Title: RNA interference of effector gene 16D10 leads to broad meloidogyne resistance in potato

Author
item DINH, PHOUNG - Washington State University
item ZHANG, LIN-HAI - Washington State University
item MOJTAHEDI, HASSAN - US Department Of Agriculture (USDA)
item Brown, Charles
item ELLING, AXEL - Washington State University

Submitted to: Journal of Nematology
Publication Type: Peer Reviewed Journal
Publication Acceptance Date: 1/15/2015
Publication Date: 4/13/2015
Citation: Dinh, P., Zhang, L., Mojtahedi, H., Brown, C.R., Elling, A. 2015. RNA interference of effector gene 16D10 leads to broad meloidogyne resistance in potato. Journal of Nematology. 47:71-78.

Interpretive Summary: Plant Parasitic Nematodes are microscopic worms that live in the soil and feed on plants. One of these, the root-knot nematode, enters the root system of the potato, and must be controlled by the application of pesticides to the plants or soil. The root-knot nematode migrates within the root to a specific location where it takes over the plant growth process and provides itself with a giant cell (the root-knot) that supplies its food. The interaction between nematode and plant resulting in the root-knot involves nematode chemicals called effectors. Effectors are produced in the nematode salivary glands and are spit into plant root cells through the nematode stylet which is like a straw. The effector chemicals are produced by the expression of a gene in the nematode. Plant root cells are very responsive to the effector. It is the strategy of the nematode to transform the potato root into a nematode cafeteria. USDA, ARS researchers at Prosser, Washington, in collaboration with scientists at Washington State University transformed potato plants to express an RNA which interfered with the nematode effector called "16D10" The interference reduced the quantity of the effector, which reduced the nematode food supply and the numbers of eggs produced by the nematode. These results demonstrate a potential for RNA interference of 16D10 to inhibit the plant parasitism process of root-knot nematode species. Potato plants that are genetically altered to reduce the effectiveness of the nematode effector could be grown with reduced application of pesticides, a benefit to the environment and consumer, and a cost reduction for the farmer.

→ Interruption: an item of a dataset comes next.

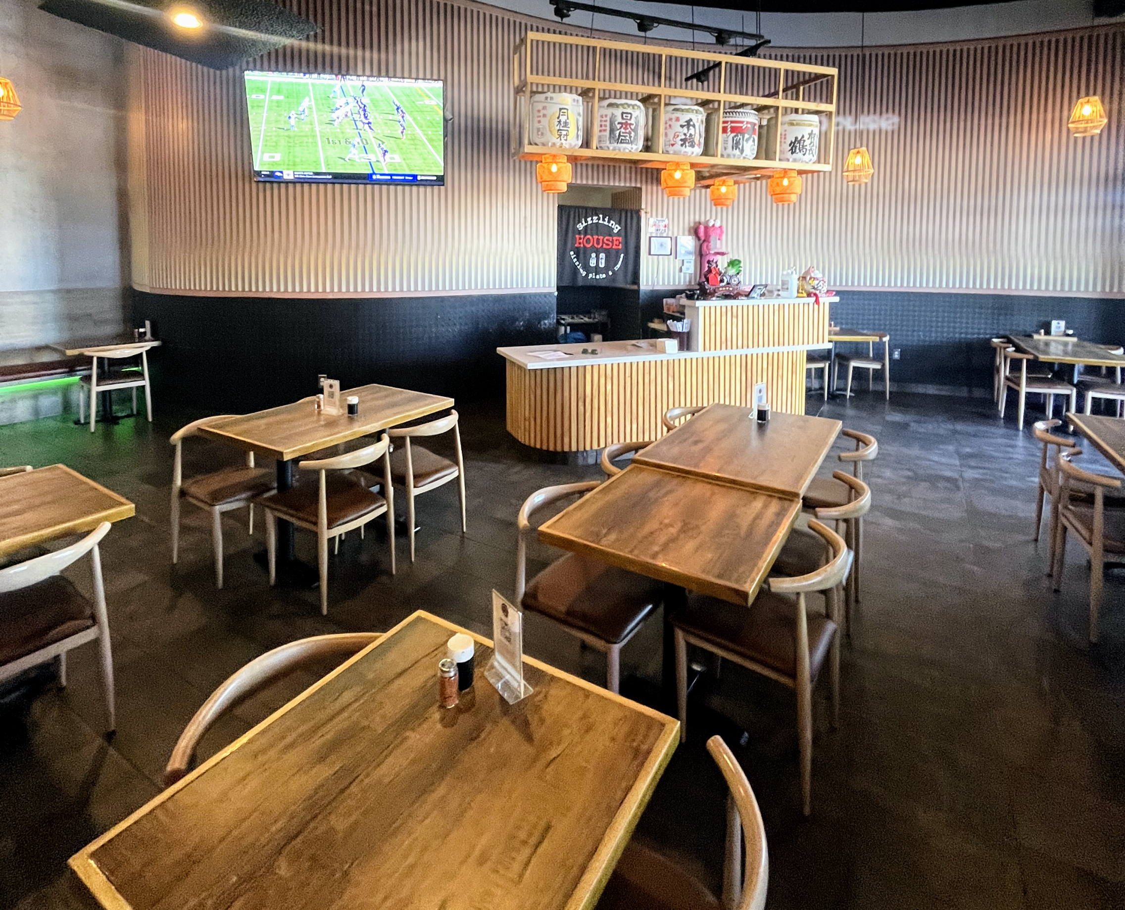 On our visit, a server handed off a sizzling rice platter with shrimp and another with salmon, both served with corn, edamame, garlic butter and green onions. Each $16.99 platter is protected by a cardboard sleeve reading “mix to enjoy,” which helps prevent spills and keeps diners from getting singed. Customers can choose between rice or noodles for their sizzling dishes.
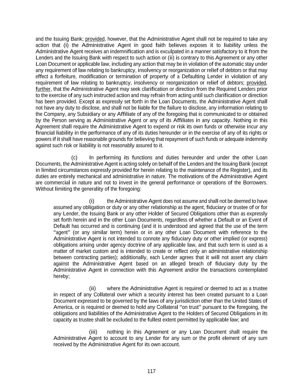 117 and the Issuing Bank; provided, however, that the Administrative Agent shall not be required to take any action that (i) the Administrative Agent in good faith believes exposes it to liability unless the Administrative Agent receives an indemnification and is exculpated in a manner satisfactory to it from the Lenders and the Issuing Bank with respect to such action or (ii) is contrary to this Agreement or any other Loan Document or applicable law, including any action that may be in violation of the automatic stay under any requirement of law relating to bankruptcy, insolvency or reorganization or relief of debtors or that may effect a forfeiture, modification or termination of property of a Defaulting Lender in violation of any requirement of law relating to bankruptcy, insolvency or reorganization or relief of debtors; provided, further, that the Administrative Agent may seek clarification or direction from the Required Lenders prior to the exercise of any such instructed action and may refrain from acting until such clarification or direction has been provided. Except as expressly set forth in the Loan Documents, the Administrative Agent shall not have any duty to disclose, and shall not be liable for the failure to disclose, any information relating to the Company, any Subsidiary or any Affiliate of any of the foregoing that is communicated to or obtained by the Person serving as Administrative Agent or any of its Affiliates in any capacity. Nothing in this Agreement shall require the Administrative Agent to expend or risk its own funds or otherwise incur any financial liability in the performance of any of its duties hereunder or in the exercise of any of its rights or powers if it shall have reasonable grounds for believing that repayment of such funds or adequate indemnity against such risk or liability is not reasonably assured to it. (c) In performing its functions and duties hereunder and under the other Loan Documents, the Administrative Agent is acting solely on behalf of the Lenders and the Issuing Bank (except in limited circumstances expressly provided for herein relating to the maintenance of the Register), and its duties are entirely mechanical and administrative in nature. The motivations of the Administrative Agent are commercial in nature and not to invest in the general performance or operations of the Borrowers. Without limiting the generality of the foregoing: (i) the Administrative Agent does not assume and shall not be deemed to have assumed any obligation or duty or any other relationship as the agent, fiduciary or trustee of or for any Lender, the Issuing Bank or any other Holder of Secured Obligations other than as expressly set forth herein and in the other Loan Documents, regardless of whether a Default or an Event of Default has occurred and is continuing (and it is understood and agreed that the use of the term “agent” (or any similar term) herein or in any other Loan Document with reference to the Administrative Agent is not intended to connote any fiduciary duty or other implied (or express) obligations arising under agency doctrine of any applicable law, and that such term is used as a matter of market custom and is intended to create or reflect only an administrative relationship between contracting parties); additionally, each Lender agrees that it will not assert any claim against the Administrative Agent based on an alleged breach of fiduciary duty by the Administrative Agent in connection with this Agreement and/or the transactions contemplated hereby; (ii) where the Administrative Agent is required or deemed to act as a trustee in respect of any Collateral over which a security interest has been created pursuant to a Loan Document expressed to be governed by the laws of any jurisdiction other than the United States of America, or is required or deemed to hold any Collateral “on trust” pursuant to the foregoing, the obligations and liabilities of the Administrative Agent to the Holders of Secured Obligations in its capacity as trustee shall be excluded to the fullest extent permitted by applicable law; and (iii) nothing in this Agreement or any Loan Document shall require the Administrative Agent to account to any Lender for any sum or the profit element of any sum received by the Administrative Agent for its own account.

Technical Abstract: Root-knot nematodes (Meloidogyne spp.) are a significant problem in potato (Solanum tuberosum) production. There is no known Meloidogyne resistance gene in cultivated potato, even though sources of resistance were identified in wild potato species. The objective of this study was to generate stable transgenic potato lines in a cv. ‘Russet Burbank’ background that carry an RNA interference (RNAi) transgene capable of silencing the 16D10 Meloidogyne effector gene, and to test for resistance against some of the most important root-knot nematodes in potato, i.e., M. arenaria, M. chitwoodi, M. hapla, M. incognita, and M. javanica. At 35 days after inoculation (DAI), the number of egg masses per plant was significantly reduced by 65 to 97% (P < 0.05) in the RNAi line compared to wild type and empty vector controls. The strongest reduction in the number of egg masses was observed in M. hapla, whereas M. javanica showed the smallest resistance effect. Similarly, the number of eggs per plant was significantly reduced between 66% in M. arenaria and 87% in M. hapla (P < 0.05) compared to wild type and empty vector control plants. Plant-mediated RNAi silencing of the 16D10 effector gene resulted in significant resistance against all root-knot nematode species tested, whereas RMc1(blb), the only known Meloidogyne resistance gene in potato, did not have a broad resistance effect. Silencing of 16D10 did not interfere with the attraction of M. incognita second-stage juveniles to roots, nor did it reduce root invasion.